• DATA TO PROCESS:
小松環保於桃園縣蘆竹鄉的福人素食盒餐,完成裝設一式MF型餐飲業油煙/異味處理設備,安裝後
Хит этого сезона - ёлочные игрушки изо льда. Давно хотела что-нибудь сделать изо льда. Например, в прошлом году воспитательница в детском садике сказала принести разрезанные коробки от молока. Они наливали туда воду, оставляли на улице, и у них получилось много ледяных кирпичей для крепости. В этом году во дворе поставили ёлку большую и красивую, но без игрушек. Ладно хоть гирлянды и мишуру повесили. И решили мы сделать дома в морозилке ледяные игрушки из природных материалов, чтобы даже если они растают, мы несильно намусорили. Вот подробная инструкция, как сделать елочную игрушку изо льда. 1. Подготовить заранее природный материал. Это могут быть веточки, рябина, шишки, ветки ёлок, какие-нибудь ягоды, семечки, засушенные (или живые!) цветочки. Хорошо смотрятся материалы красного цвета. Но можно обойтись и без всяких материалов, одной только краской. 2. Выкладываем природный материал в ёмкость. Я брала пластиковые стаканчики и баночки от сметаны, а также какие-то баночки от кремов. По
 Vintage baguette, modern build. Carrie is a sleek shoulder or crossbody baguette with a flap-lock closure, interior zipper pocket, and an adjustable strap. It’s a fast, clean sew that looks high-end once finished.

* * *

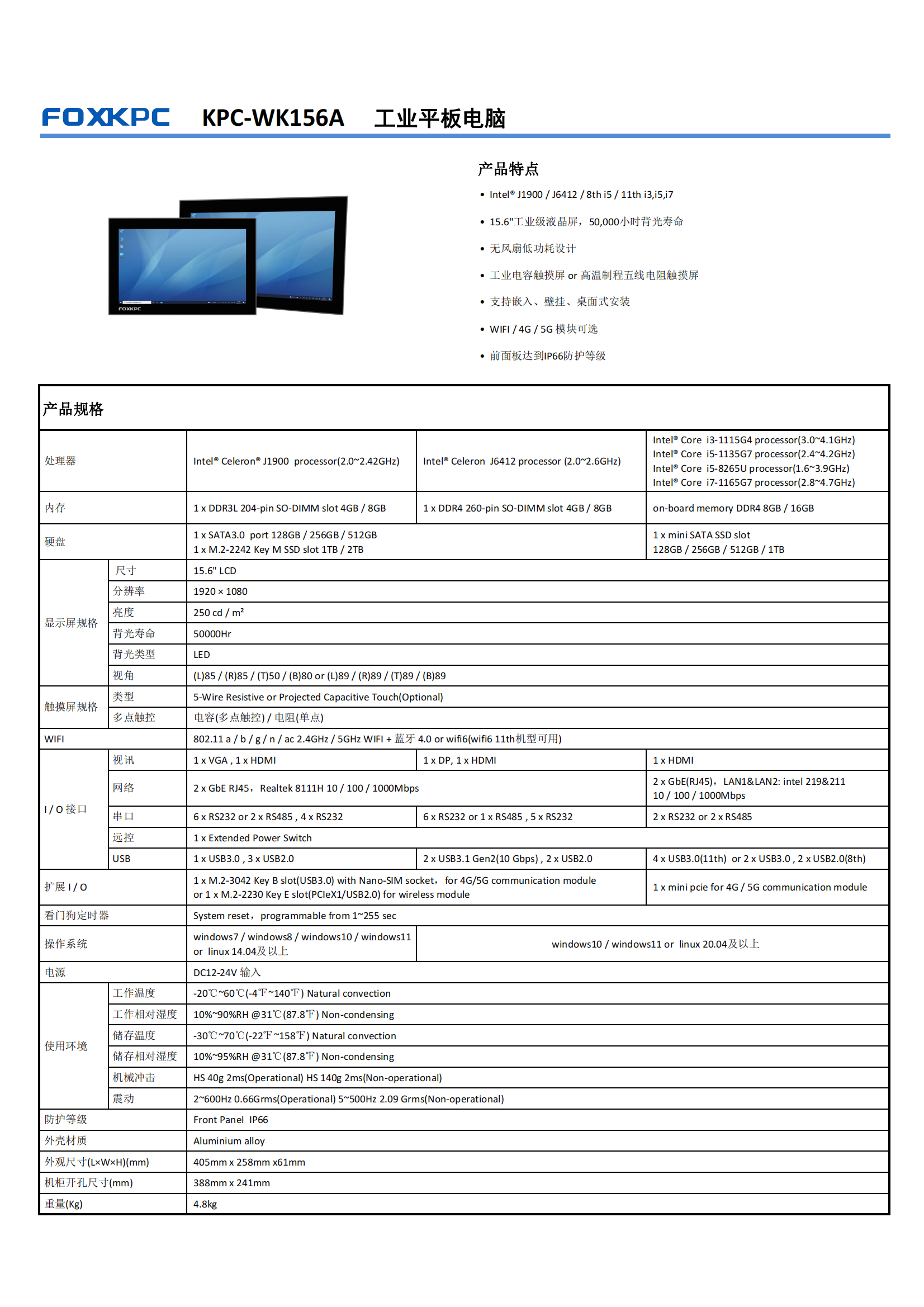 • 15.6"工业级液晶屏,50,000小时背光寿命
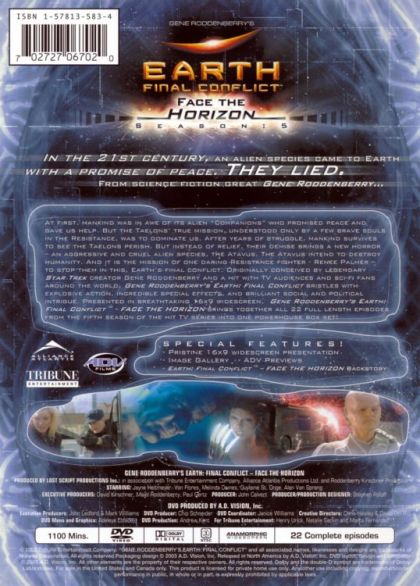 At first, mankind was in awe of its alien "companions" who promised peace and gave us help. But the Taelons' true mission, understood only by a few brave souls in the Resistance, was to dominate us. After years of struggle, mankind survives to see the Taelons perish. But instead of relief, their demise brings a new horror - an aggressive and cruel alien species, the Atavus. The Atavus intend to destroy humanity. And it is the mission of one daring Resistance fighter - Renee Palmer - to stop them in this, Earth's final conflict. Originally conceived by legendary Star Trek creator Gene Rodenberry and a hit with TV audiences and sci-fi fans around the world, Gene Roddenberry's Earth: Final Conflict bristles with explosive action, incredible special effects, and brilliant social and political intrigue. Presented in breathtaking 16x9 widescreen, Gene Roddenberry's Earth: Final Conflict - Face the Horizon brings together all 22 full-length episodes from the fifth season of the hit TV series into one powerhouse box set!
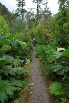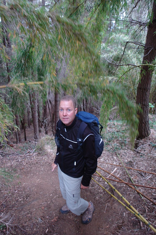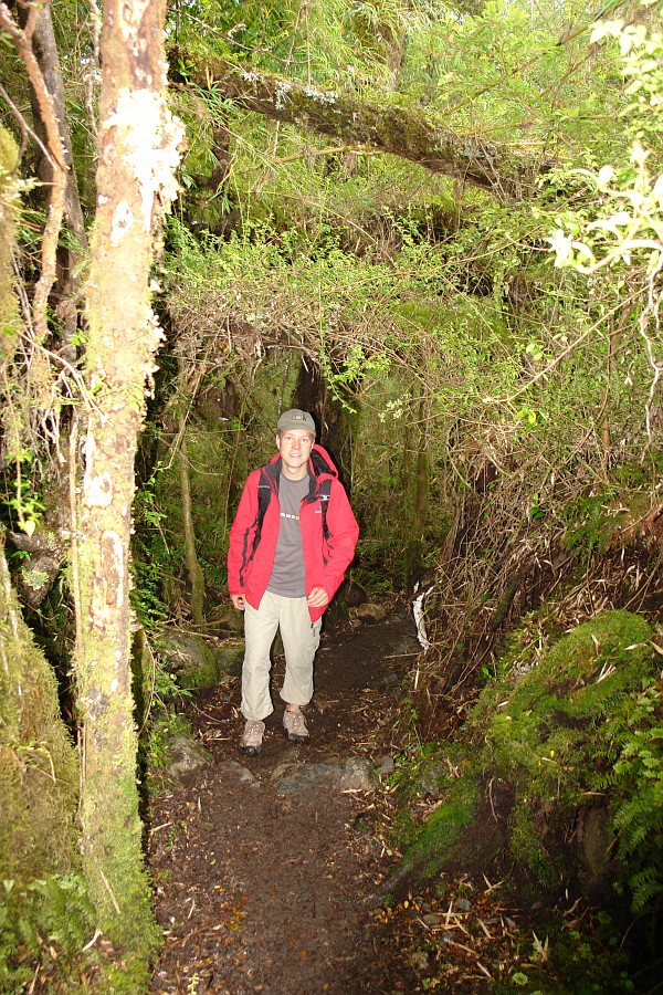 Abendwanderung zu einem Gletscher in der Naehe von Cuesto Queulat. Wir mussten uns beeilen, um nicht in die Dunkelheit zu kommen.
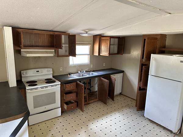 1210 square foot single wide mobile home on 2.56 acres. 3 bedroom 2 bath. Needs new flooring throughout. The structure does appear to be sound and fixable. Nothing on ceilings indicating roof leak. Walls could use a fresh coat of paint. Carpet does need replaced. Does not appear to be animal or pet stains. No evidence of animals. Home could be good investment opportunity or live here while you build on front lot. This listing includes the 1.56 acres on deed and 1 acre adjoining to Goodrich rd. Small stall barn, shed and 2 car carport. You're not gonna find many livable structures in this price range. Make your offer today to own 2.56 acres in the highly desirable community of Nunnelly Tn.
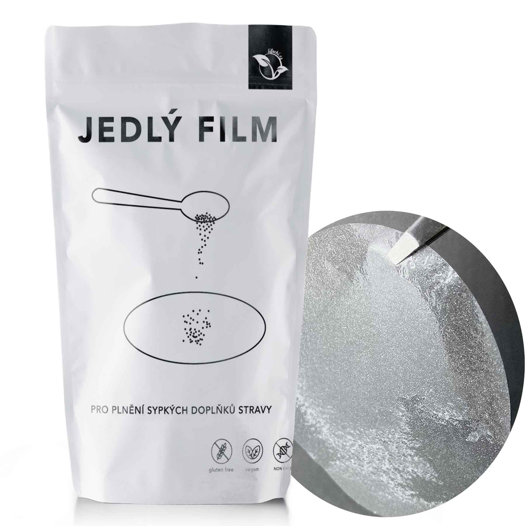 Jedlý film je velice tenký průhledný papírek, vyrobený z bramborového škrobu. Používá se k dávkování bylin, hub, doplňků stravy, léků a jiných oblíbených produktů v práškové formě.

• ABOUT THIS TASK: Write out exactly the lines above between the one with "Abendwanderung zu einem" and the one with "Jedlý film je", inclusive, with pictures left out.

• COMPLETED TASK:
 Abendwanderung zu einem Gletscher in der Naehe von Cuesto Queulat. Wir mussten uns beeilen, um nicht in die Dunkelheit zu kommen.
 1210 square foot single wide mobile home on 2.56 acres. 3 bedroom 2 bath. Needs new flooring throughout. The structure does appear to be sound and fixable. Nothing on ceilings indicating roof leak. Walls could use a fresh coat of paint. Carpet does need replaced. Does not appear to be animal or pet stains. No evidence of animals. Home could be good investment opportunity or live here while you build on front lot. This listing includes the 1.56 acres on deed and 1 acre adjoining to Goodrich rd. Small stall barn, shed and 2 car carport. You're not gonna find many livable structures in this price range. Make your offer today to own 2.56 acres in the highly desirable community of Nunnelly Tn.
 Jedlý film je velice tenký průhledný papírek, vyrobený z bramborového škrobu. Používá se k dávkování bylin, hub, doplňků stravy, léků a jiných oblíbených produktů v práškové formě.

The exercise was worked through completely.